[Items listed in a dataset]
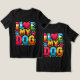 Das Design des T - Shirt enthält den Satz "I Liebe My Dog" in fett gedruckter, spielerischer Typografie. Das Wort "Liebe" wird durch ein großes rotes Herz repräsentiert und verleiht dem Wort einen lebendigen Pop. Um den Text herum sind niedlich, Pfotenabdrücke und kleine Hundeabbildungen wie Knochen und ein Hundehalsband. Das Design ist schlicht, gemütlich und perfekt, um die Zuneigung eines Hundebesitzers in einem lässigen und unterhaltsamen Stil auszudrücken.
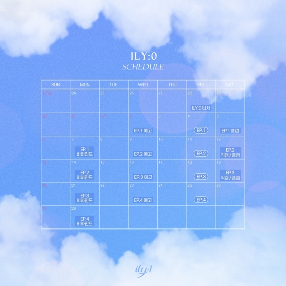 공개된 스케줄러에 따르면, 오는 28일 'ILY:0'(아일리영) 티저를 시작으로 2월 2일엔 1화 예고편이, 2월 4일 리얼리티의 첫 화가 공개될 예정이다.
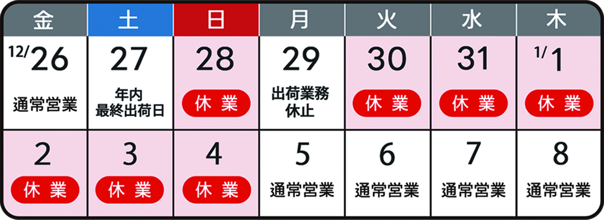 年末年始休業のお知らせ いつも当店をご利用いただきありがとうございます。 誠に勝手ながら、池商は12月30日から2026年1月4日まで年末年始休業とさせていただきます。 また、2025年の出荷業務は12月27日までとなります。 お問い合わせの返信、出荷業務などは1月5日午後より順次行って参ります。 休業中もオンラインショップ、FAXでのご注文は可能ですので是非ご利用くださいませ。 ご不便をおかけ致しますが、何卒ご理解のほどお願い申し上げます。
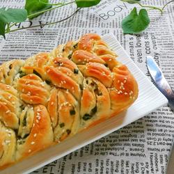 3. Roll the dough into a cake shape, spread a layer of pastry on the surface, and sprinkle a layer Chop the scallions and roll them up.
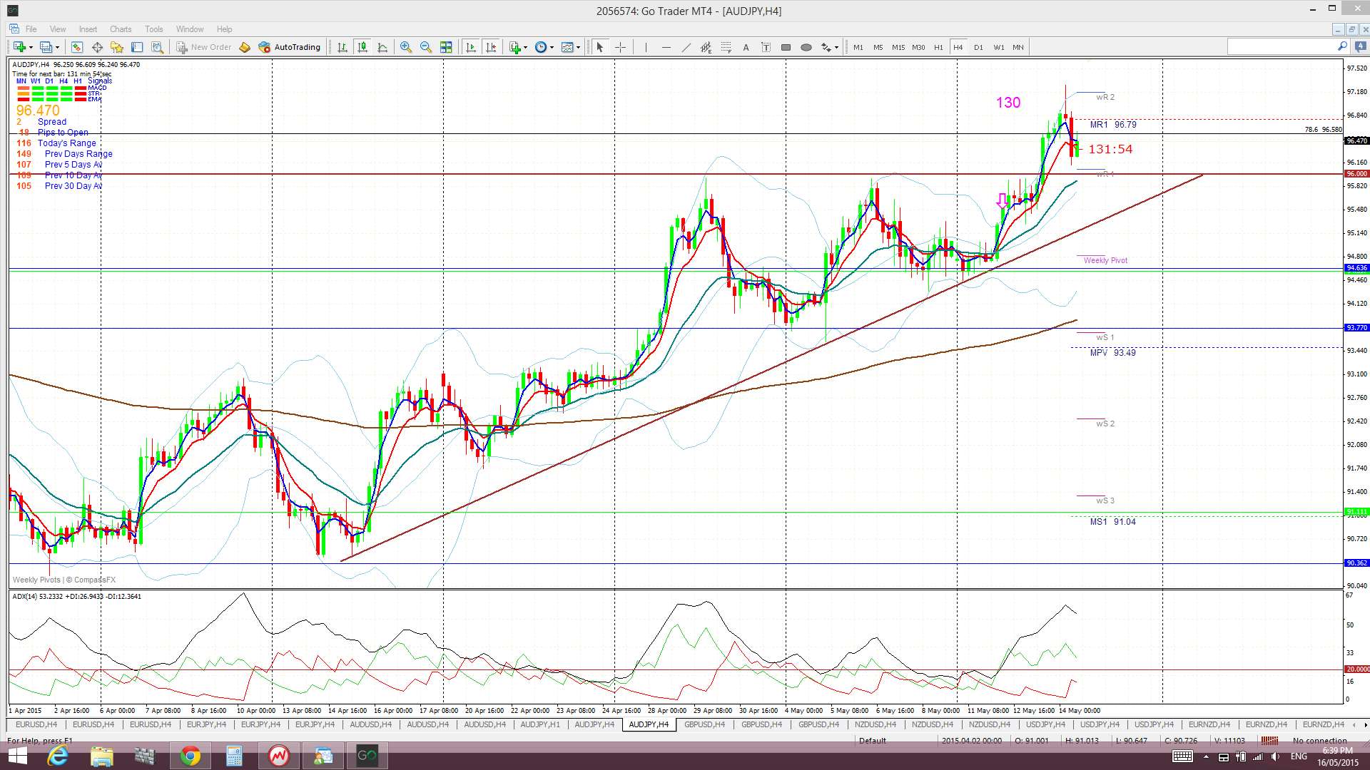 A/J 4hr: has made a weekly close above 96 which is bullish:
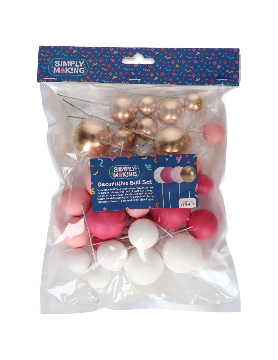 De set bestaat uit 32 decoratieballen in verschillende groottes en kleuren. Door de ballen op verschillende hoogtes te plaatsen of ze te combineren in kleine groepjes creëer je gemakkelijk een dynamisch en feestelijk design. Zo maak je van iedere taart een echte blikvanger op de feesttafel.
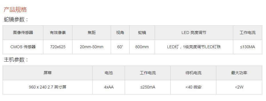 KS07 - MD60 两方向转向内窥镜 产品简介 本产品是一款手持式内窥镜设备,通过内窥镜的图像及视频功能,可以实现无损检查狭小部位及人眼无法直接观察的地方;广泛应用于航空、汽车、管道、机械设备、化工等行业的检测领域。 产品特性 2.7英寸高清显示屏 两方向转向蛇镜±180°,可检测任何难以触及的 空间,无死角 配Ф6.0mm蛇镜, 45万像素 屏幕亮度和6个LED灯亮度可调 带图像旋转功能 具有拍照和录像功能
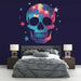 This mural wallpaper features a vibrant cosmic skull on a deep midnight blue background, adorned with stars and nebulas in shades of pink, blue, and yellow, creating an atmosphere that is both mysterious and captivating. The smooth texture and quality of the details give an almost real feeling to the illustration, making it lively and dynamic.
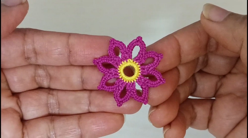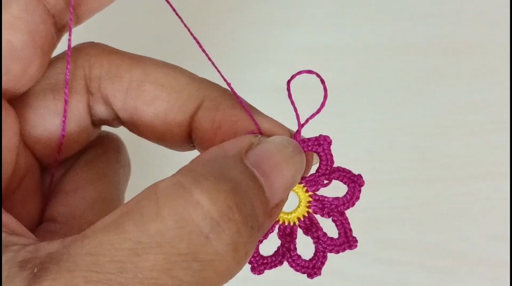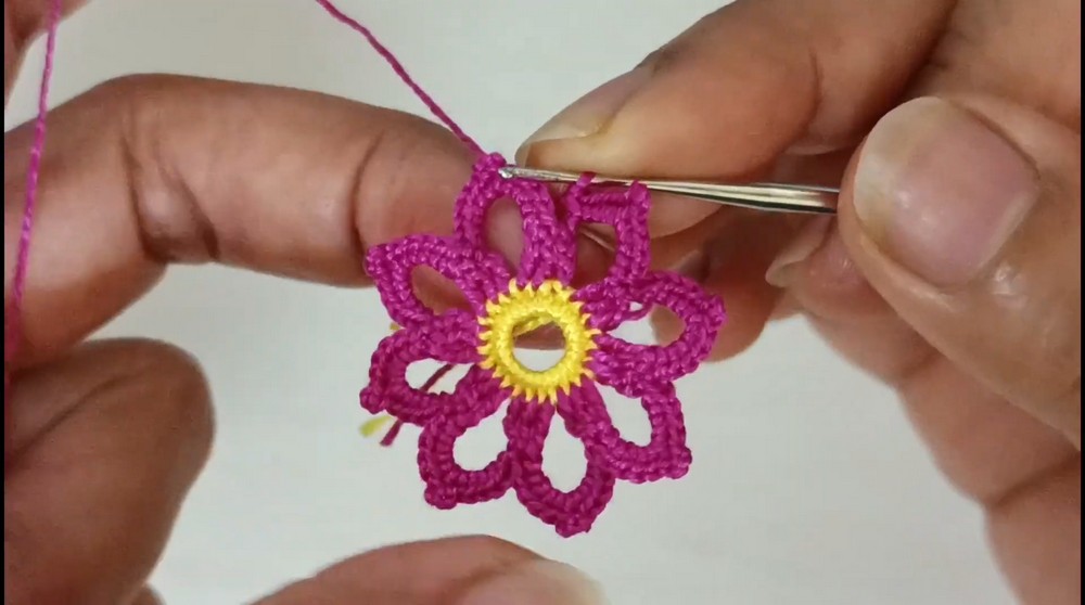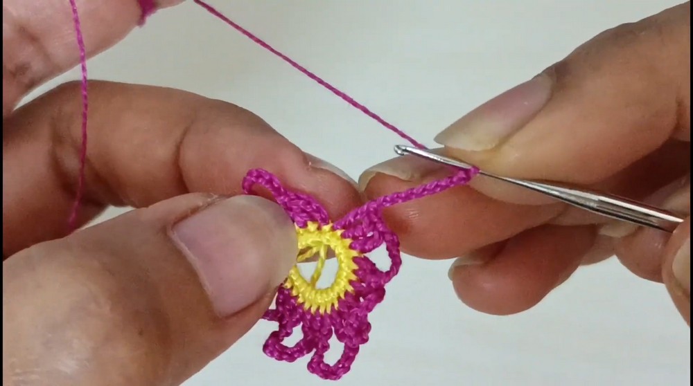 2. Once the round is complete, secure the thread by making a slip stitch into the second double crochet stitch in the middle of each petal.
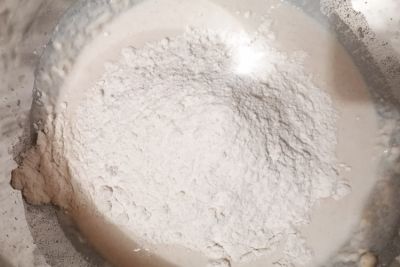 Rinfresco del licoli• Alle 20 impasto il pane. In una capiente ciotola sciolgo 200 g di licoli (il restante lo ripongo in frigo nel suo contenitore ermetico) in 250 g di acqua. Aggiungo 15 g di sale e mescolo fino fino al suo scioglimento. A questo punto si può aggiungere anche qualche spezia (per esempio la curcuma, ma non più di un cucchiaio). Incorporo la farina, do una veloce mescolata con un cucchiaio e poi impasto a mano per almeno 5 minuti.
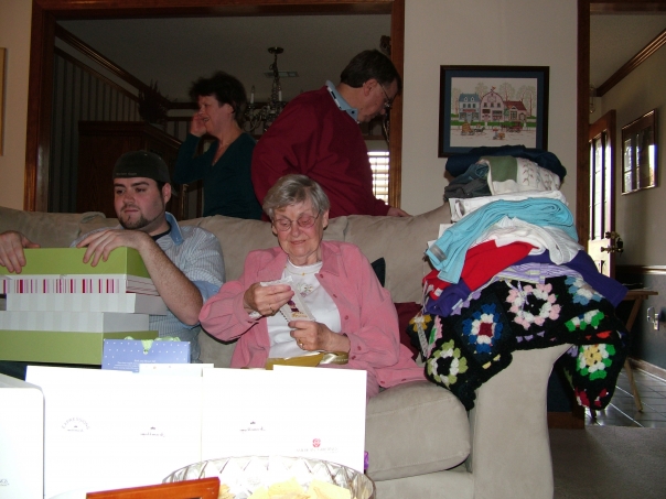Grandma received a brand new gift from her young grandchildren who gathered with her in the crowded living room.
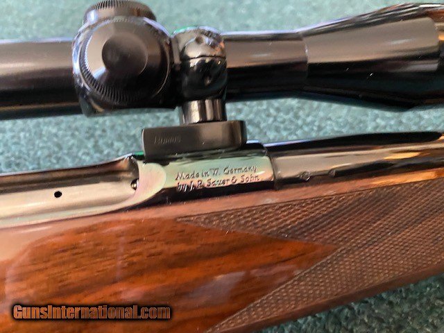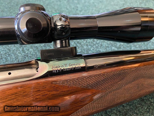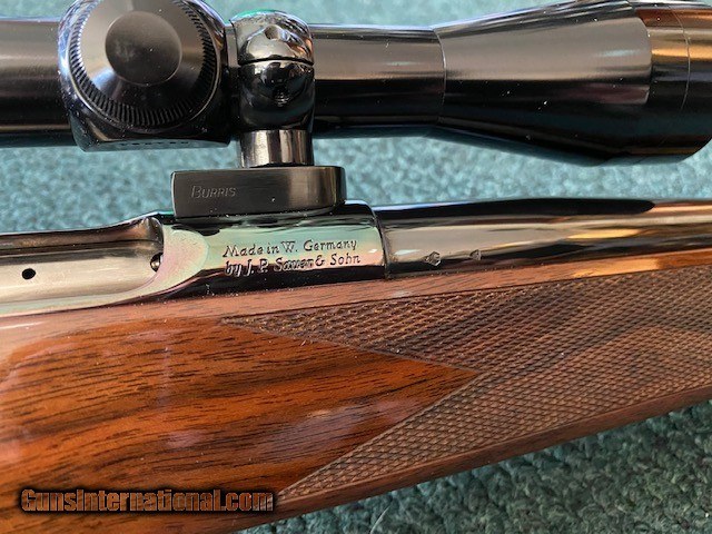 Description: JP Sauer & Sohn, 22-250 Rem, made in W Germany, Burris 3x9 scope with fine duplex, sling swivels, 24" barrel, 13 1/2" lengh of pull, 99.9% overall condition. Serial No. 6349. For further information call John at 941-748-7318. Price does not include shipping. SOLD |
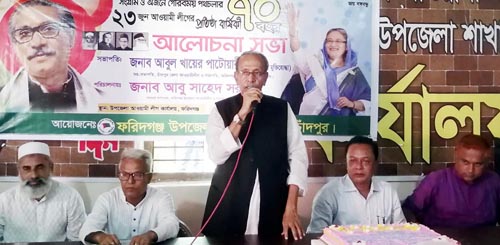 বাংলাদেশ আওয়ামী লীগের ৭০তম প্রতিষ্ঠাবার্ষিকী উপলক্ষে গতকাল শনিবার ফরিদগঞ্জ উপজেলা আওয়ামী লীগ কেক কাটা শেষে আলোচনা সভা করেছে। সকালে দলের কার্যালয়ে আলোচনা সভায় সংগঠনের সভাপতি মুক্তিযোদ্ধা আবুল খায়ের পাটওয়ারীর সভাপতিত্বে এবং প্রচার সম্পাদক সুলতান আহমেদ রিপনের পরিচালনায় বক্তব্য রাখেন সাধারণ সম্পাদক আবু সাহেদ সরকার, সহ-সভাপতি আবুল হোসেন বাবুল পাটওয়ারী, যুগ্ম সম্পাদক আলমগীর হোসেন ও ওয়াহিদুর রহমান রানা, সাংগঠনিক সম্পাদক ওমর ফারুক ফারুকী, সাংস্কৃতিক সম্পাদক মশিউর রহমান মিঠু, ইউপি চেয়ারম্যান শওকত আলী, উপজেলা যুব লীগের যুগ্ম-আহ্বায়ক শফিকুর রহমান, ছাত্রলীগের সভাপতি মাহবুব আলম সোহাগ, স্বেচ্ছাসেবক লীগের সম্পাদক কাউছারুল আলম কামরুল, উপজেলা মুক্তিযোদ্ধা সংসদের কমান্ডার শহিদ উল্ল্যা তপদার। আলোচনা শেষে প্রতিষ্ঠাবার্ষিকীর কেক কাটা হয়।
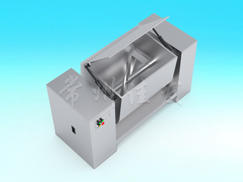 該機通過機械傳動,使不對稱的V型圓柱體內(nèi)的物料做往復(fù)翻動,達到均勻混合之目的。
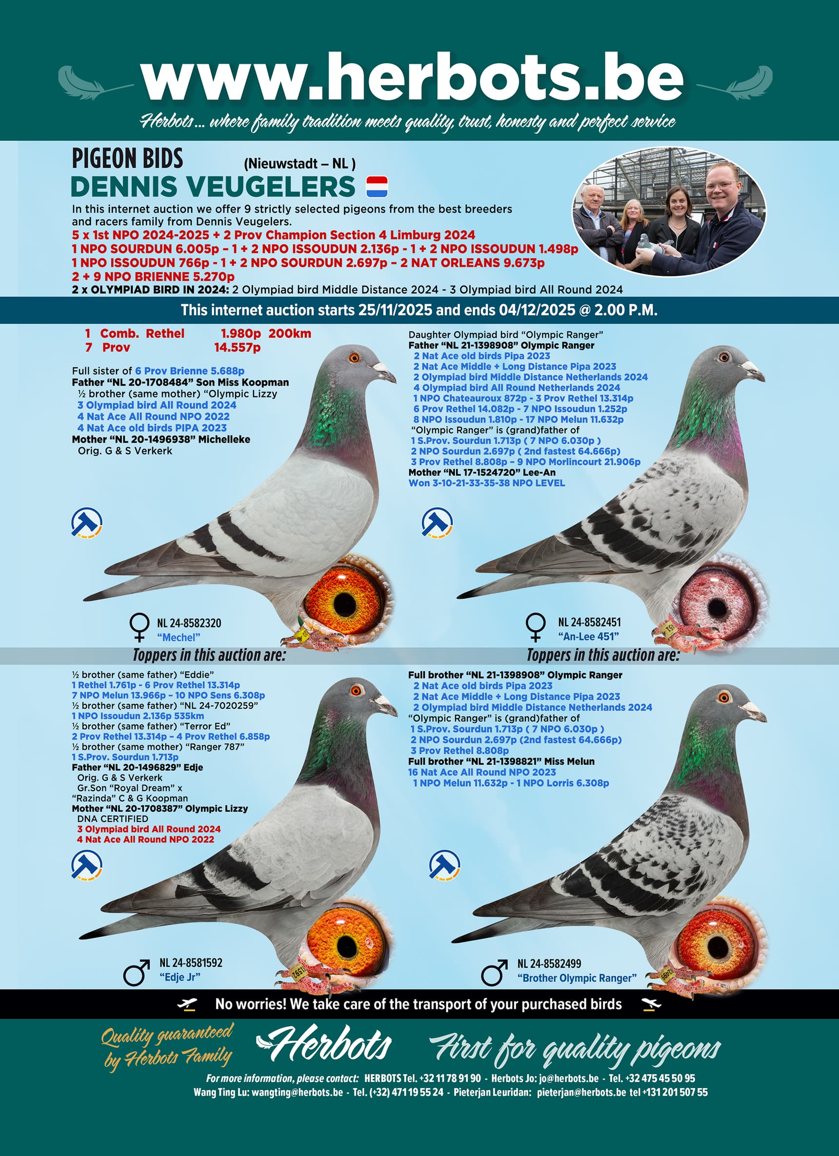 In this internet auction we offer 9 strictly selected pigeons from the best breeders and racers family from Dennis Veugelers.
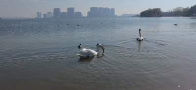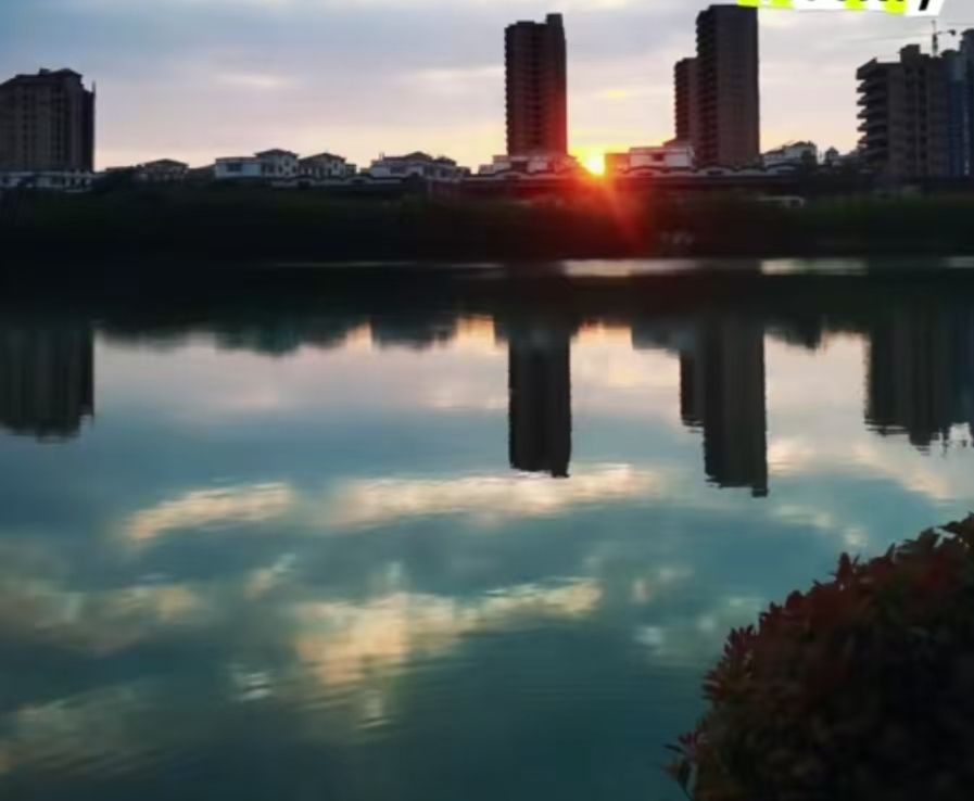 解析:首句“赤輪” 代指太陽,“噴薄”以火山噴發般的力度渲染朝陽躍動的瞬間。“染霞紅” “染”字賦予朝陽主觀能動性,仿佛以朱砂潑灑云霞;“霞紅”與后文“云旌”色彩呼應。次句“鎖”字將霧氣擬人化,如鐵鏈纏繞樓宇,強化朦朧感;“重樓”高樓大廈。“幻碧空” 霧氣與天空交融,使蒼穹如幻境,為下句“龍影動”埋下伏筆。第三句“鏡面初開” 指湖水平平,以“鏡”喻湖面,暗合“龍湖”之名;“初開”暗示晨霧漸散。“龍影動” 是點睛之筆:既可實寫湖中倒影隨波搖曳,又可虛指傳說中龍形在霧中若隱若現,增添神秘感。末句“云旌” 將云霞晨霧喻為戰旗,隨風舒卷,更具動態美與畫面感。“日華融” “日華”指陽光,“融”字寫云霞晨霧與日光交融,云蒸霞蔚,如顏料在水中化開,意境空靈;以“華”字點染光色層次。
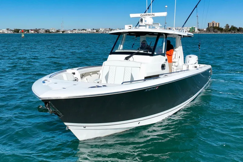 Ergonomically designed helm seating and dash for the ultimate in comfort and control. And the fact that it’s the only center console in the 34' to 35' market to have an enclosed head. Whether you are socializing on deck, driving to your secret fishing spot or taking a moment to yourself, you’ll appreciate the thoughtful craftsmanship instilled in every inch. Plus, forward-facing lounge seats in the bow, side coaming storage and built-in rod holders add to the ways you and your family can enjoy this boat.
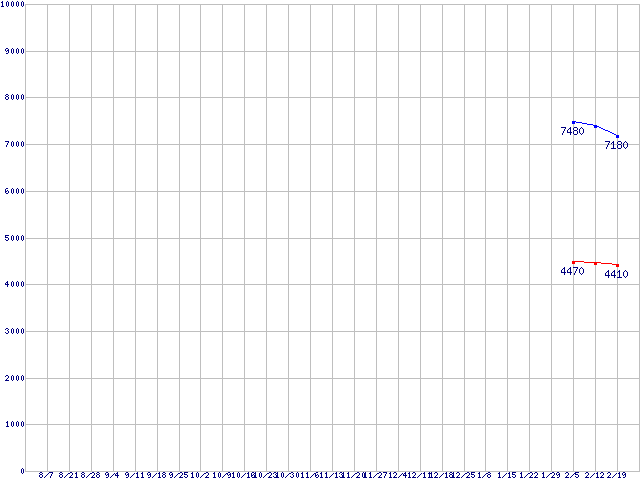 WD Scorpio Blue (5400rpm,3Gb/s,2.5インチ)の最安値推移

Description of the task | Output the entries above verbatim. Omit the images.

Your solution |
 Das Design des T - Shirt enthält den Satz "I Liebe My Dog" in fett gedruckter, spielerischer Typografie. Das Wort "Liebe" wird durch ein großes rotes Herz repräsentiert und verleiht dem Wort einen lebendigen Pop. Um den Text herum sind niedlich, Pfotenabdrücke und kleine Hundeabbildungen wie Knochen und ein Hundehalsband. Das Design ist schlicht, gemütlich und perfekt, um die Zuneigung eines Hundebesitzers in einem lässigen und unterhaltsamen Stil auszudrücken.
 공개된 스케줄러에 따르면, 오는 28일 'ILY:0'(아일리영) 티저를 시작으로 2월 2일엔 1화 예고편이, 2월 4일 리얼리티의 첫 화가 공개될 예정이다.
 年末年始休業のお知らせ いつも当店をご利用いただきありがとうございます。 誠に勝手ながら、池商は12月30日から2026年1月4日まで年末年始休業とさせていただきます。 また、2025年の出荷業務は12月27日までとなります。 お問い合わせの返信、出荷業務などは1月5日午後より順次行って参ります。 休業中もオンラインショップ、FAXでのご注文は可能ですので是非ご利用くださいませ。 ご不便をおかけ致しますが、何卒ご理解のほどお願い申し上げます。
 3. Roll the dough into a cake shape, spread a layer of pastry on the surface, and sprinkle a layer Chop the scallions and roll them up.
 A/J 4hr: has made a weekly close above 96 which is bullish:
 De set bestaat uit 32 decoratieballen in verschillende groottes en kleuren. Door de ballen op verschillende hoogtes te plaatsen of ze te combineren in kleine groepjes creëer je gemakkelijk een dynamisch en feestelijk design. Zo maak je van iedere taart een echte blikvanger op de feesttafel.
 KS07 - MD60 两方向转向内窥镜 产品简介 本产品是一款手持式内窥镜设备,通过内窥镜的图像及视频功能,可以实现无损检查狭小部位及人眼无法直接观察的地方;广泛应用于航空、汽车、管道、机械设备、化工等行业的检测领域。 产品特性 2.7英寸高清显示屏 两方向转向蛇镜±180°,可检测任何难以触及的 空间,无死角 配Ф6.0mm蛇镜, 45万像素 屏幕亮度和6个LED灯亮度可调 带图像旋转功能 具有拍照和录像功能
 This mural wallpaper features a vibrant cosmic skull on a deep midnight blue background, adorned with stars and nebulas in shades of pink, blue, and yellow, creating an atmosphere that is both mysterious and captivating. The smooth texture and quality of the details give an almost real feeling to the illustration, making it lively and dynamic.
 2. Once the round is complete, secure the thread by making a slip stitch into the second double crochet stitch in the middle of each petal.
 Rinfresco del licoli• Alle 20 impasto il pane. In una capiente ciotola sciolgo 200 g di licoli (il restante lo ripongo in frigo nel suo contenitore ermetico) in 250 g di acqua. Aggiungo 15 g di sale e mescolo fino fino al suo scioglimento. A questo punto si può aggiungere anche qualche spezia (per esempio la curcuma, ma non più di un cucchiaio). Incorporo la farina, do una veloce mescolata con un cucchiaio e poi impasto a mano per almeno 5 minuti.
Grandma received a brand new gift from her young grandchildren who gathered with her in the crowded living room.
 Description: JP Sauer & Sohn, 22-250 Rem, made in W Germany, Burris 3x9 scope with fine duplex, sling swivels, 24" barrel, 13 1/2" lengh of pull, 99.9% overall condition. Serial No. 6349. For further information call John at 941-748-7318. Price does not include shipping. SOLD |
 বাংলাদেশ আওয়ামী লীগের ৭০তম প্রতিষ্ঠাবার্ষিকী উপলক্ষে গতকাল শনিবার ফরিদগঞ্জ উপজেলা আওয়ামী লীগ কেক কাটা শেষে আলোচনা সভা করেছে। সকালে দলের কার্যালয়ে আলোচনা সভায় সংগঠনের সভাপতি মুক্তিযোদ্ধা আবুল খায়ের পাটওয়ারীর সভাপতিত্বে এবং প্রচার সম্পাদক সুলতান আহমেদ রিপনের পরিচালনায় বক্তব্য রাখেন সাধারণ সম্পাদক আবু সাহেদ সরকার, সহ-সভাপতি আবুল হোসেন বাবুল পাটওয়ারী, যুগ্ম সম্পাদক আলমগীর হোসেন ও ওয়াহিদুর রহমান রানা, সাংগঠনিক সম্পাদক ওমর ফারুক ফারুকী, সাংস্কৃতিক সম্পাদক মশিউর রহমান মিঠু, ইউপি চেয়ারম্যান শওকত আলী, উপজেলা যুব লীগের যুগ্ম-আহ্বায়ক শফিকুর রহমান, ছাত্রলীগের সভাপতি মাহবুব আলম সোহাগ, স্বেচ্ছাসেবক লীগের সম্পাদক কাউছারুল আলম কামরুল, উপজেলা মুক্তিযোদ্ধা সংসদের কমান্ডার শহিদ উল্ল্যা তপদার। আলোচনা শেষে প্রতিষ্ঠাবার্ষিকীর কেক কাটা হয়।
 該機通過機械傳動,使不對稱的V型圓柱體內(nèi)的物料做往復(fù)翻動,達到均勻混合之目的。
 In this internet auction we offer 9 strictly selected pigeons from the best breeders and racers family from Dennis Veugelers.
 解析:首句“赤輪” 代指太陽,“噴薄”以火山噴發般的力度渲染朝陽躍動的瞬間。“染霞紅” “染”字賦予朝陽主觀能動性,仿佛以朱砂潑灑云霞;“霞紅”與后文“云旌”色彩呼應。次句“鎖”字將霧氣擬人化,如鐵鏈纏繞樓宇,強化朦朧感;“重樓”高樓大廈。“幻碧空” 霧氣與天空交融,使蒼穹如幻境,為下句“龍影動”埋下伏筆。第三句“鏡面初開” 指湖水平平,以“鏡”喻湖面,暗合“龍湖”之名;“初開”暗示晨霧漸散。“龍影動” 是點睛之筆:既可實寫湖中倒影隨波搖曳,又可虛指傳說中龍形在霧中若隱若現,增添神秘感。末句“云旌” 將云霞晨霧喻為戰旗,隨風舒卷,更具動態美與畫面感。“日華融” “日華”指陽光,“融”字寫云霞晨霧與日光交融,云蒸霞蔚,如顏料在水中化開,意境空靈;以“華”字點染光色層次。
 Ergonomically designed helm seating and dash for the ultimate in comfort and control. And the fact that it’s the only center console in the 34' to 35' market to have an enclosed head. Whether you are socializing on deck, driving to your secret fishing spot or taking a moment to yourself, you’ll appreciate the thoughtful craftsmanship instilled in every inch. Plus, forward-facing lounge seats in the bow, side coaming storage and built-in rod holders add to the ways you and your family can enjoy this boat.
 WD Scorpio Blue (5400rpm,3Gb/s,2.5インチ)の最安値推移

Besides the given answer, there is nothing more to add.